Billy Gray (born William Victor Giventer, March 17, 1904, New York City, New York – January 4, 1978, Los Angeles, California) was an American comedian, comedy club owner and an actor.

Career
Gray was studying law when he won a dance contest, and decided to enter show business instead. Gray was the onetime owner of the Band Box, a comedy club at 123 North Fairfax Avenue, in Los Angeles, which was previously owned by Lou Costello, who purchased it in 1942 from Pete and Billy Snyder and installed Gray as the emcee in place of Jackie Green. Among the performers were Max Rosenbloom, Buddy Hackett, Polly Bergen, Alan King, Billy Barty, Don Rickles and Jackie Gleason.

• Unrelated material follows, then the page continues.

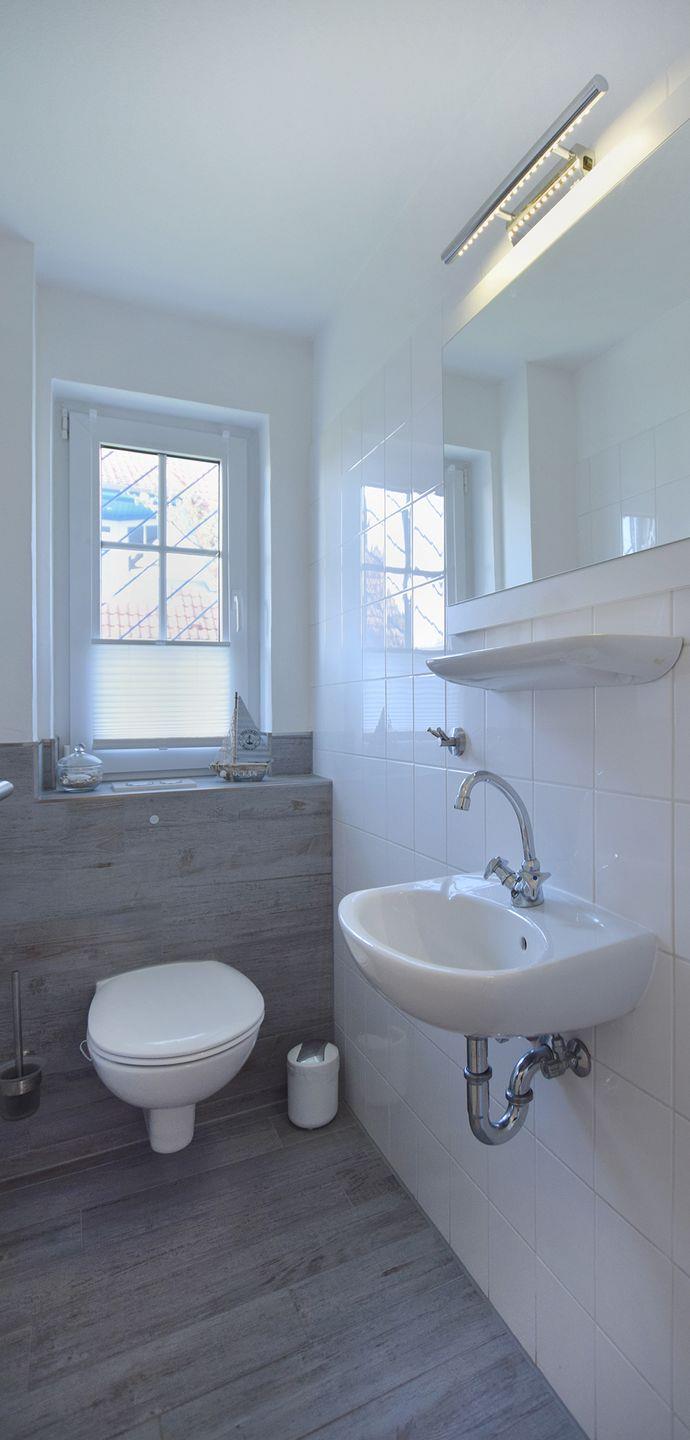 Das Badezimmer ist mit einer bodengleichen Dusche und WC ausgestattet, während das Gäste-WC zusätzlichen Komfort bietet.

He and his partner Jerry Bergen appeared in the MGM two-reeler The Little Maestro in 1937. They split up in 1940.

Gray acted on the Abbott and Costello radio show in 1942–43. He played a girl named Matilda, whose catchphrase was "I'm only three-and-a-half years old." He also appeared on stage with Abbott and Costello in their appearances at military bases during World War Two.

Gray appeared in two feature films: he played the Yiddish-speaking agent of Jack Lemmon and Tony Curtis in Billy Wilder's famous comedy Some Like It Hot (1959) and appeared in Two for the Seesaw (1962) with Robert Mitchum, as Mr. Jacoby.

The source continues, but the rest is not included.